Task item – Please, without any pictures, set down exactly the part of the listing below that opens with the line containing "原来寿司店是河村爸爸开的,听" and closes with the line containing "Tutorial 21 - Figure".

Start of Extracted data

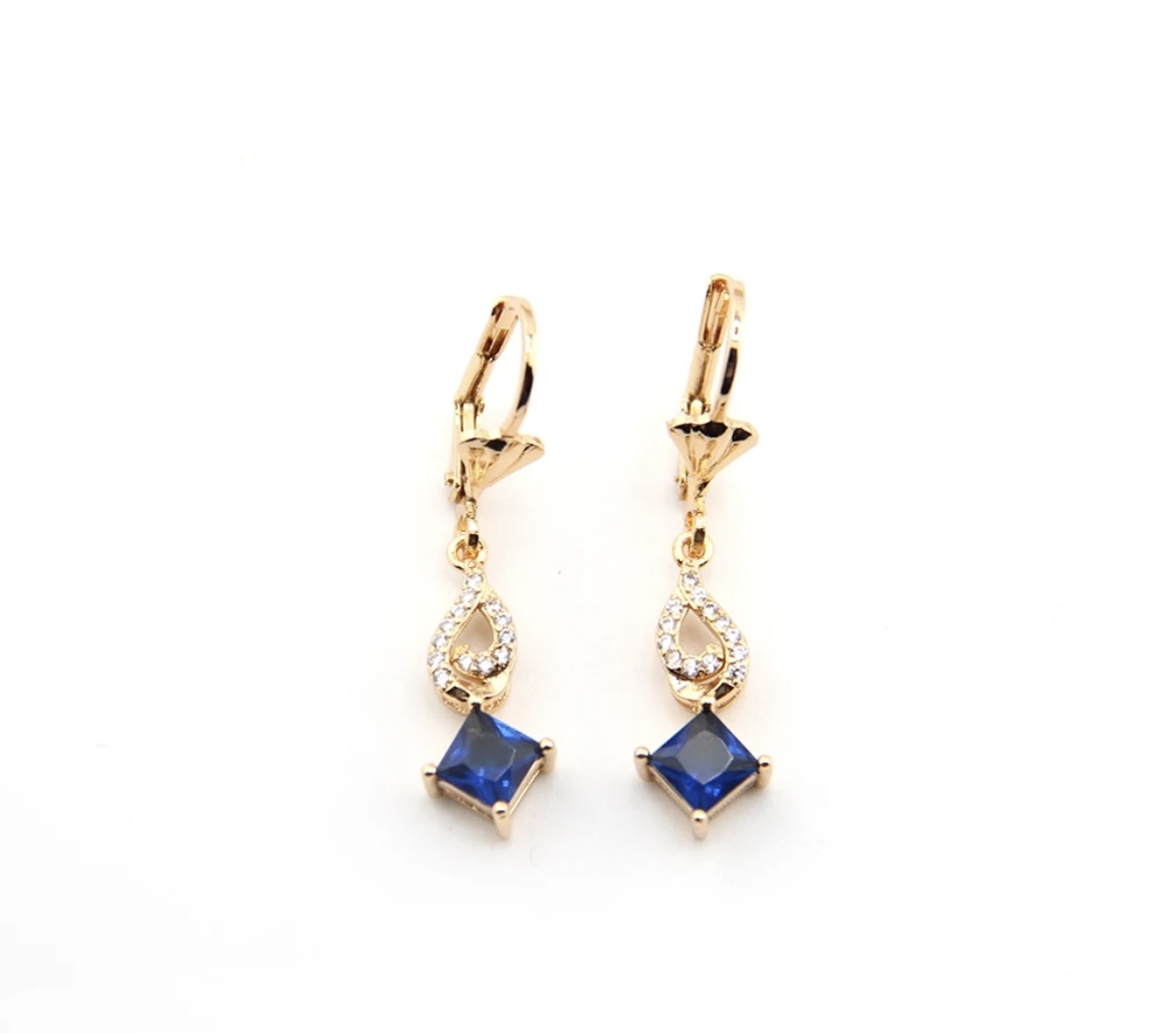 Pendiente bañado en oro, 24K, con piedra azul.
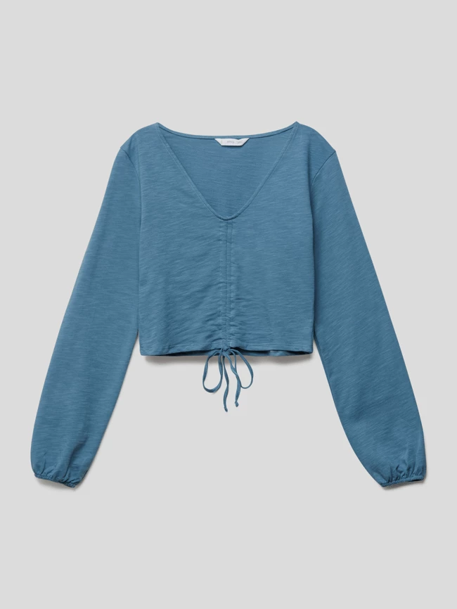 Das Cropped Longsleeve von MANGO ist aus reiner Baumwolle gefertigt und kommt in körpernaher Passform. Es zeigt sich mit V-Ausschnitt und Raffungen mit Tunnelzug sowie elastischen Ärmelabschlüssen.
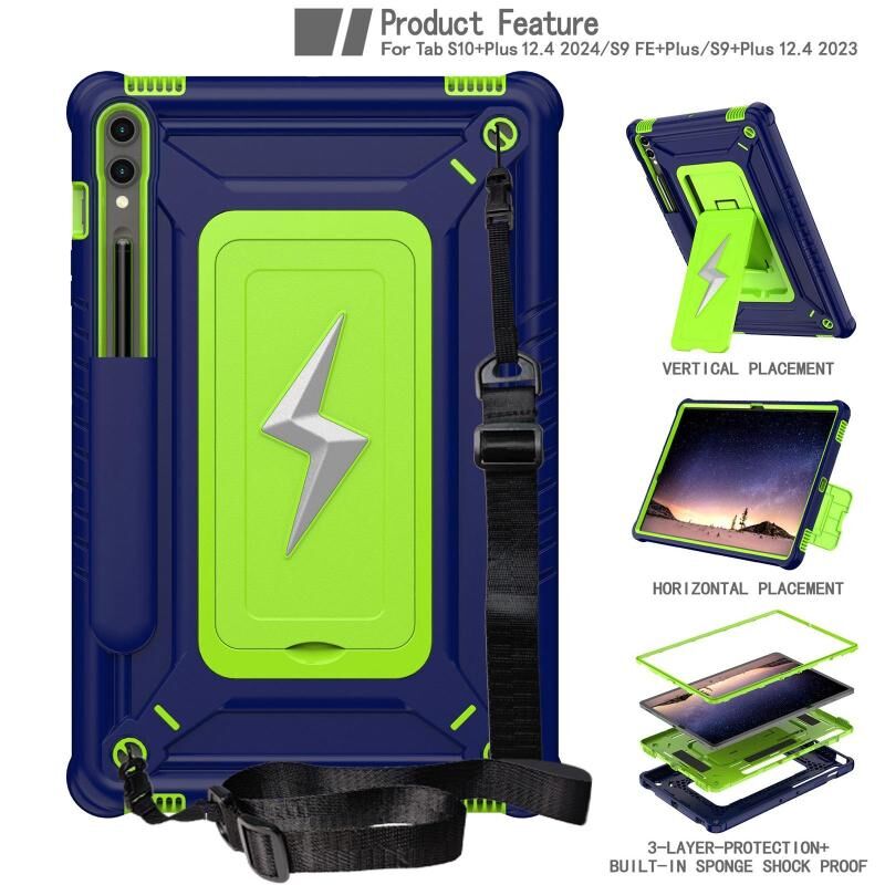For Samsung Galaxy Tab S10+ / S9+ Armor Bolt Shape Holder Silicone Hybrid PC Tablet Case(Navy Blue Olivine)
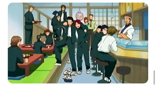 原来寿司店是河村爸爸开的,听说比赛赢了专门关了店给大家庆祝,虽说刚开始不是很乐意,但没一会儿龙马就沉浸在寿司的美味里了
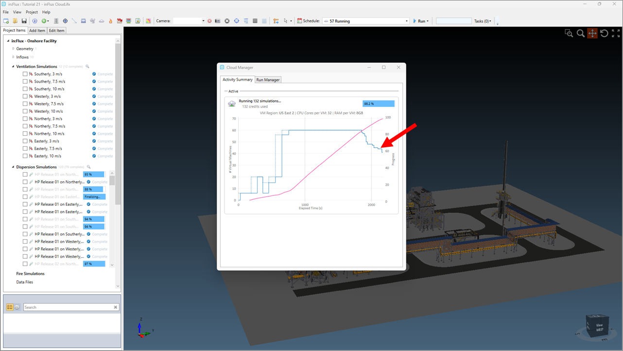 Tutorial 21 - Figure 11 - After completion of ventilation cases, the number of virtual machines increases to run the dispersion cases in bulk
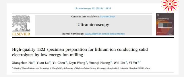 于奕老师的该项工作成果以 High-quality TEM specimen preparation for lithium-ion conducting solid electrolytes by low-energy ion milling(使用低能离子精修制备高质量的锂离子导体固态电解质透射电镜样品) 为题,发表在《Ultramicroscopy》上。
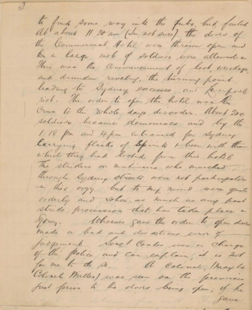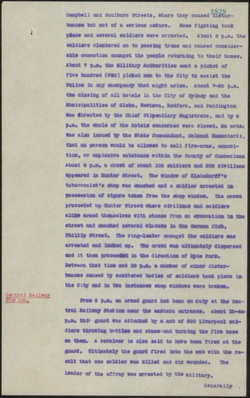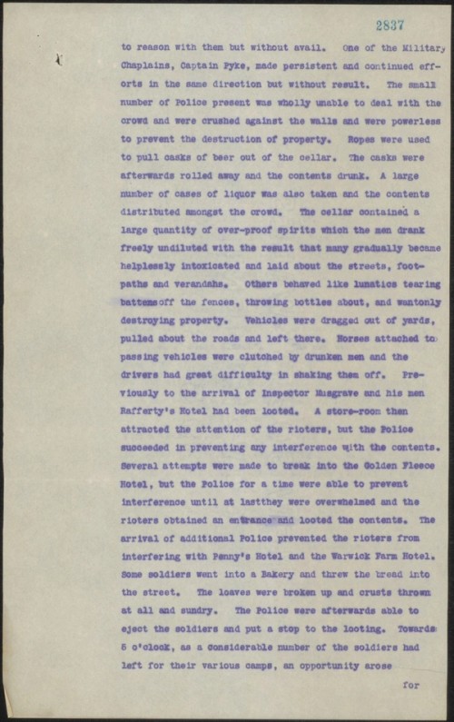 At about 11.30am (I’m not sure) the doors of the Commonwealth Hotel were thrown open and a large mob of soldiers were allowed in. This was the commencement of loot, wreckage, and drunken revelry, the turning point leading to Sydney excesses and Liverpool riot. The order to open the hotel was [the] crux to the whole days disorder. About 200 soldiers became demoniacs and by the 1.18pm and 4pm entrained for Sydney carrying flasks of spirits and beer with them which they had looted from this hotel.15
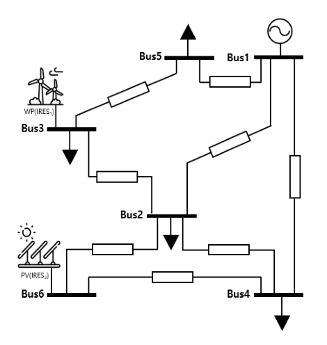 그림 1은 기존 Garver 계통의 기본 데이터를 기반으로 WP 및 PV를 연계한 수정 Garver 계통을 구성하여 나타낸다. 그림 1과 같이, 6개의 모선에 1개의 AC 발전원과 2개의 IRES가 연계되어 있고, IRES1은 모선 3의 WP, IRES2는 모선 6의 PV이다[18].
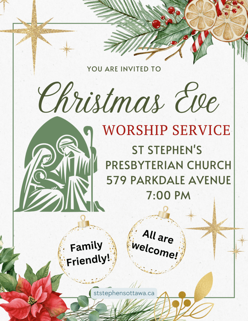 Welcome to St. Stephen’s Presbyterian Church, Ottawa. We are currently worshipping on Sundays both online and in person. Please see below for more details.
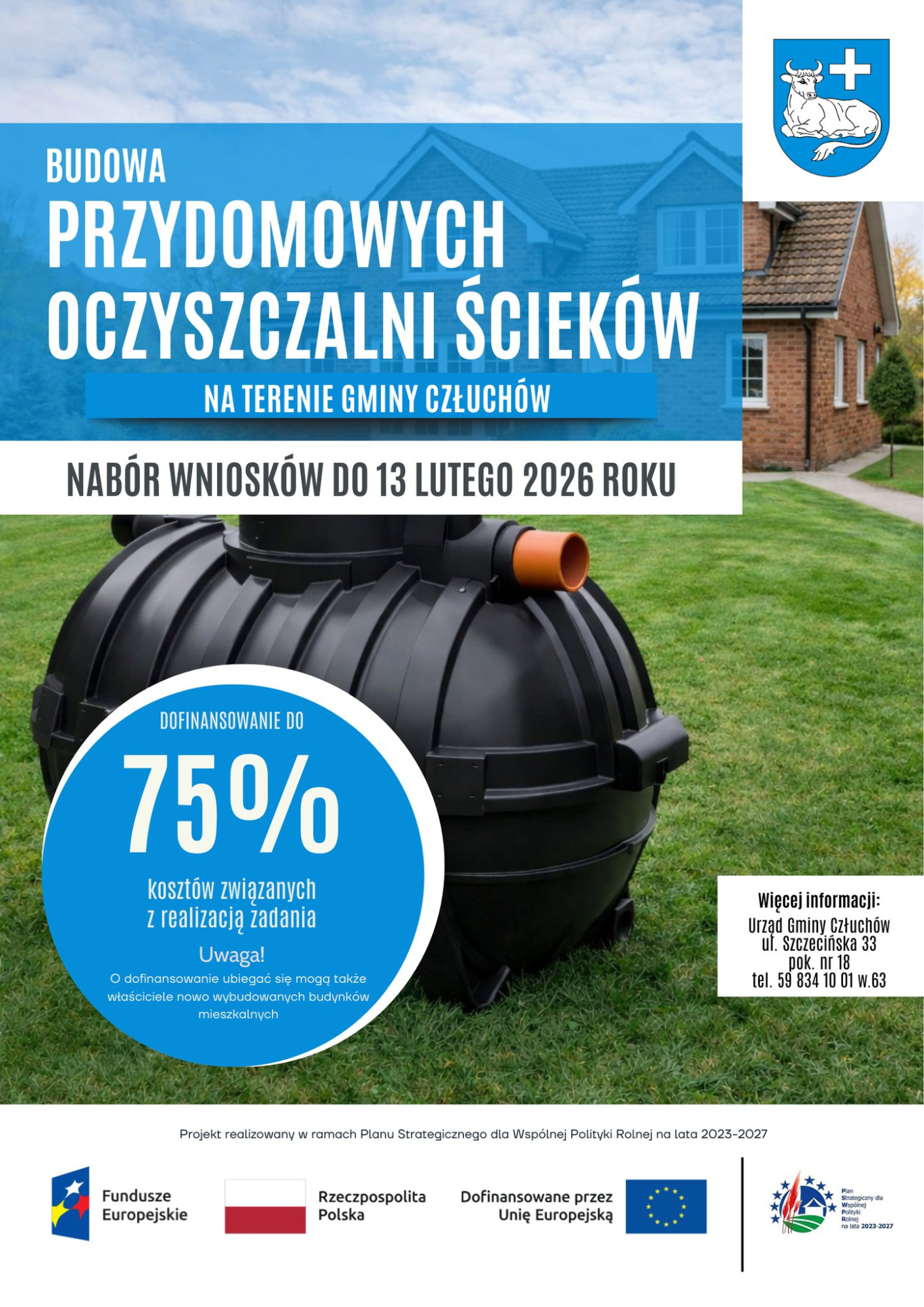 Działanie realizowane jest w ramach Planu Strategicznego dla Wspólnej Polityki Rolnej na lata 2023–2027, w zakresie infrastruktury na obszarach wiejskich, obejmującej przydomowe oczyszczalnie ścieków. Szczegółowe informacje dostępne są na stronie internetowej Urzędu Gminy w Człuchowie oraz w siedzibie urzędu.

End of Extracted data

Task output –
 原来寿司店是河村爸爸开的,听说比赛赢了专门关了店给大家庆祝,虽说刚开始不是很乐意,但没一会儿龙马就沉浸在寿司的美味里了
 Tutorial 21 - Figure 11 - After completion of ventilation cases, the number of virtual machines increases to run the dispersion cases in bulk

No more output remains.